Há aproximadamente dois anos sou preceptora de internos de medicina na área prática da saúde pública, em estratégia de saúde da família. Quando iniciei no projeto era tudo novo e motivador, pelo fato de ensinar práticas diárias e rotineiras a pessoas ávidas por conhecimento, o saber, o transformar-se em médicos. Como esperado foi intenso, eu estudava bastante para não deixar dúvidas, aplicava casos inventados e reais, listas e mais listas de medicamentos, indicações e contra-indicações, e sempre tentando ressaltar o lado “humano”, diante a uma realidade pobre e insalubre. E como retribuição eu recebia o ar encantado, os olhos da descoberta, e milhares de perguntas e mais perguntas e mais pesquisas e trabalhos científicos que me acrescentaram em muito. Mas o tempo foi passando e a avidez pelo conhecimento foi cada vez mais diminuindo, o que muito me entristece.

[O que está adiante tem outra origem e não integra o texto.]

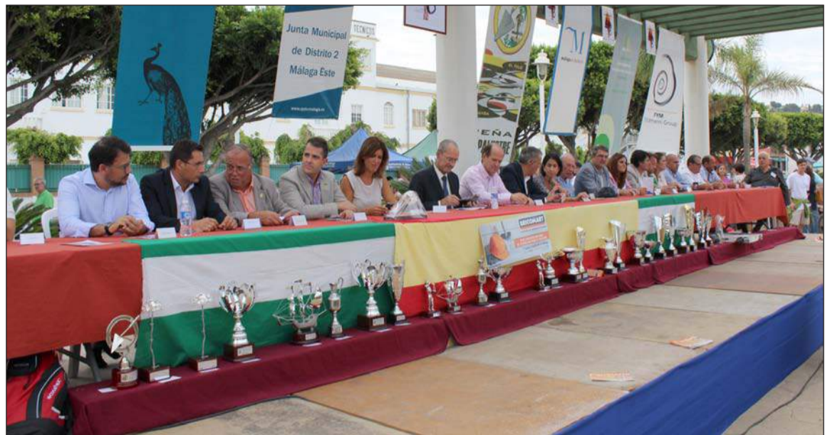
Mesa presidencial durante la entrega de trofeos.

A la finalización del concurso, en el patio central de este centro
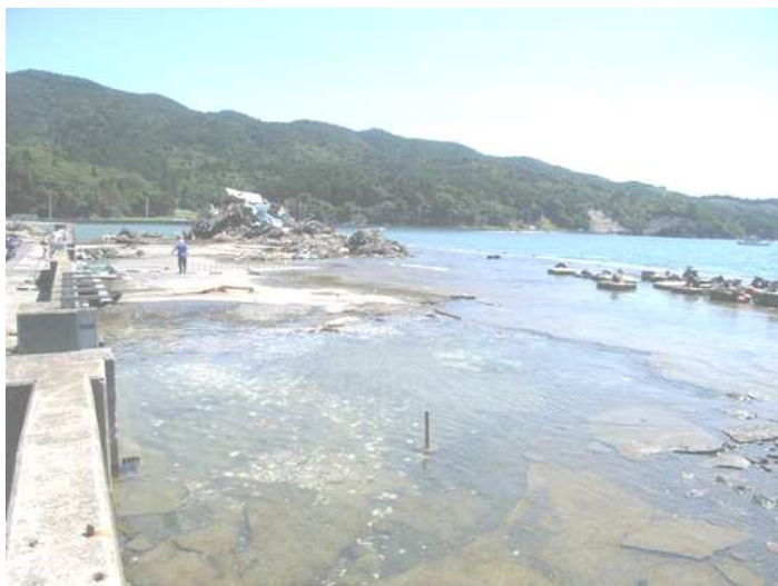
沈下してしまった漁港 宮城県石巻市 小網倉浜漁港です。
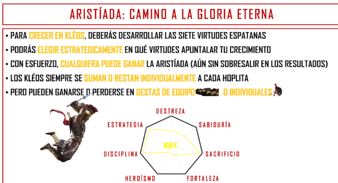
Figura 15 – Parte de los componentes del juego Aristíada
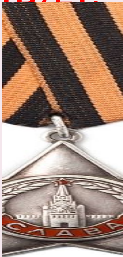
КАВАЛЕРОВ ОРДЕНА СЛАВЫ
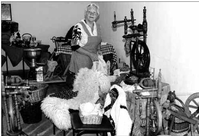
Gleich an mehreren Spinnrädern wurde gezeigt, wie Schafwolle gesponnen und danach gestrickt wird.
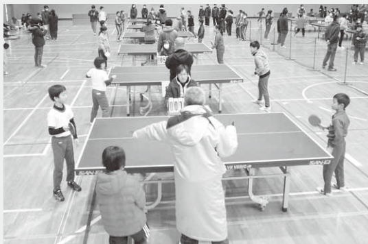
子どもたちが熱戦を繰り広げた卓球大会
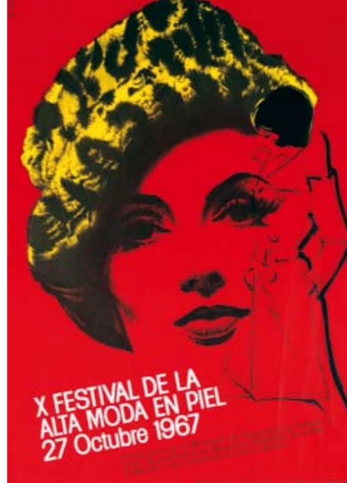
1967 ARTIGAS. "En este cartel destacaría el valor del color, cómo ilumina una tinta plana con los recursos de las tintas gráficas".
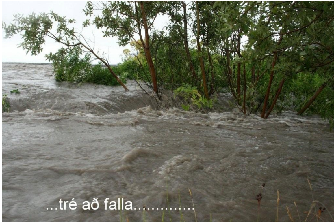
...tré að falla.....
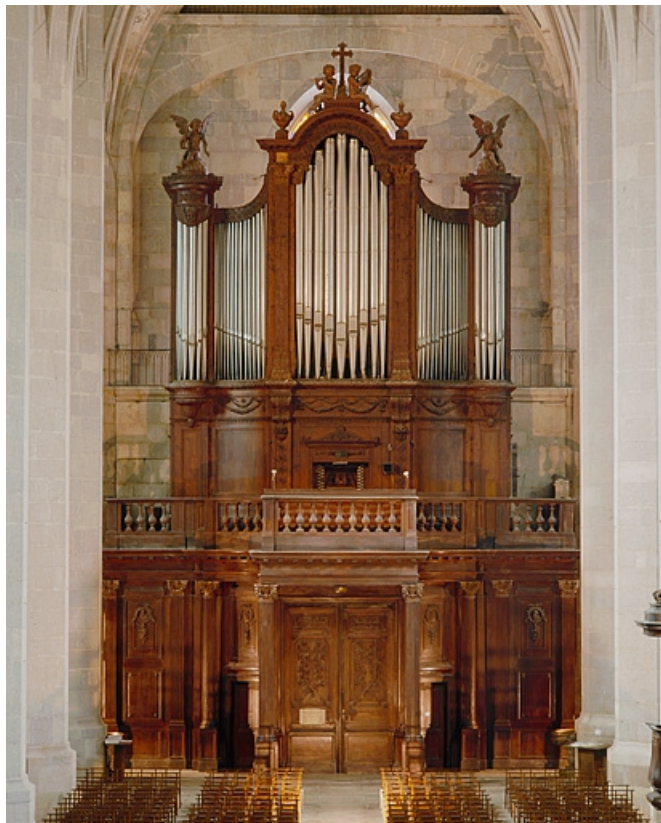
Grand orgue, vu de face.
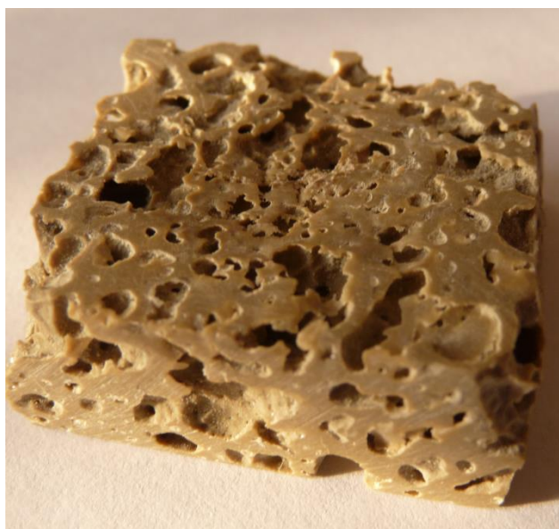
Рис. 1. Образец крупнопористого глинополимерного композита

Для опытов методом термополимеризации были получены образцы крупнопористых глинополимерных композитов (рис. 1), которые в сухом виде содержали бентонита 66,2 %, полиакрилата натрия 26,3%, остальные 7,5 % составляли N,N' – метиленбисакриламид, персульфат аммония, карбонат натрия, акриловая кислота.
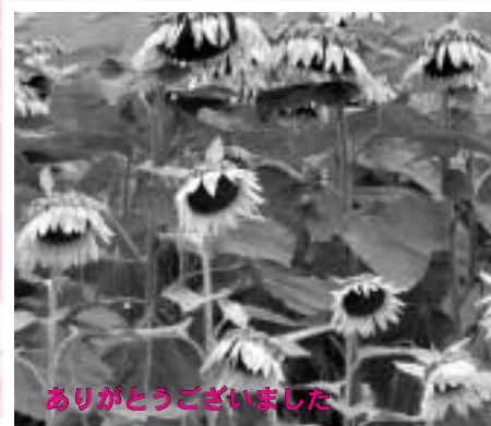
ありがとうございました
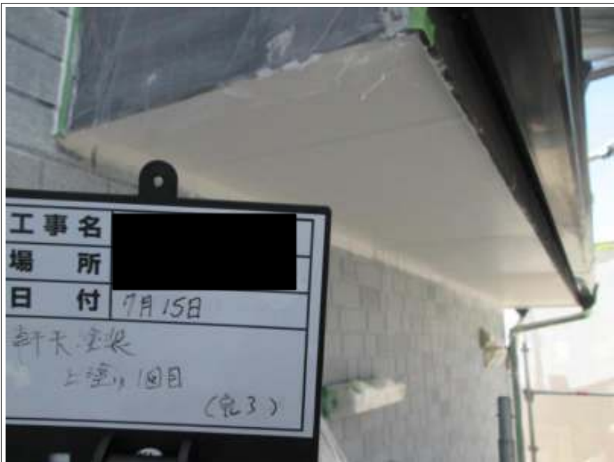
軒天 上塗り施工完了(1回目)

Alguns procuram o conhecimento, estudam, se dedicam, mas nem se lembram quem é o doente, ou o que ele representa na sua família e comunidade, “é só um pobre que serve pra gente estudar”, pasmem, mas já ouvi isto. Outros não procuram nem o conhecimento e nem o interesse ao próximo, talvez tenham a falsa impressão de que a medicina traga riqueza. Triste.
Essa semana tive uma conversa/aula com um psiquiatra, e discutíamos sobre a saúde pública nesse país, e em um momento eu disse: Nossa a saúde mental deste país está no limbo, fui rebatida prontamente: não, está no inferno. Em outro momento eu disse: mas pediatra e psiquiatra são espécies em extinção, fui fervorosamente rebatida outra vez: não, médico é uma espécie em extinção, porque os “médicos” que se formam hoje em dia não se interessam nem pela doença e nem pelo doente, talvez sejam tecnólogos em medicina. Pensei... Repensei... E cá estou dividindo essa angústia...
Meu tempo de trabalho não é muito, mas percebo que já se parece muito com a de médicos mais experientes, de que as faculdades parecem estar preocupadas apenas com o dinheiro da mensalidade, e o pior, formam profissionais com esse mesmo ideal.
Lembro-me como a medicina era um sonho para mim e para muitos dos meus amigos no colégio e cursinho. Lutamos e estudamos muito, alguns conseguiram, outros ficaram pelo caminho. E tentamos desde então fazer o melhor, mesmo que com um “jeitinho brasileiro” de tentar de tudo com pouco, às vezes muito pouco.
Sei e sinto na pele a escassez de materiais, equipamentos e medicamentos, locais de trabalho sem ventilação, salário baixo, e falta de pessoal. E há vezes em que realmente penso em sumir e abandonar tudo... Mas aí me lembro do todas as carinhas que consegui ajudar, algumas realidades que pude elucidar uma melhora, bebezinhos já crescidos que dividem os primeiros passos comigo, crianças que voltaram à escola, raros adolescentes que estão na faculdade... Enfim sinto e vejo o quanto vale à pena. Sim, a medicina traz riqueza, grandeza, mas de alma e não de dinheiro.
Queridos colegas e futuros colegas, não desistam da essência que levaram vocês a escolher essa profissão, não vamos deixar que a correria/capitalismo destrua o nosso lado sensível, o poder e o dever de enxergar o outro.
Dedico aos meus amigos médicos e primeiros internos (Dani e Pedro) que fazem a diferença onde quer que estejam, pelo carinho, pela vontade, pelo caráter, pelo ser médico.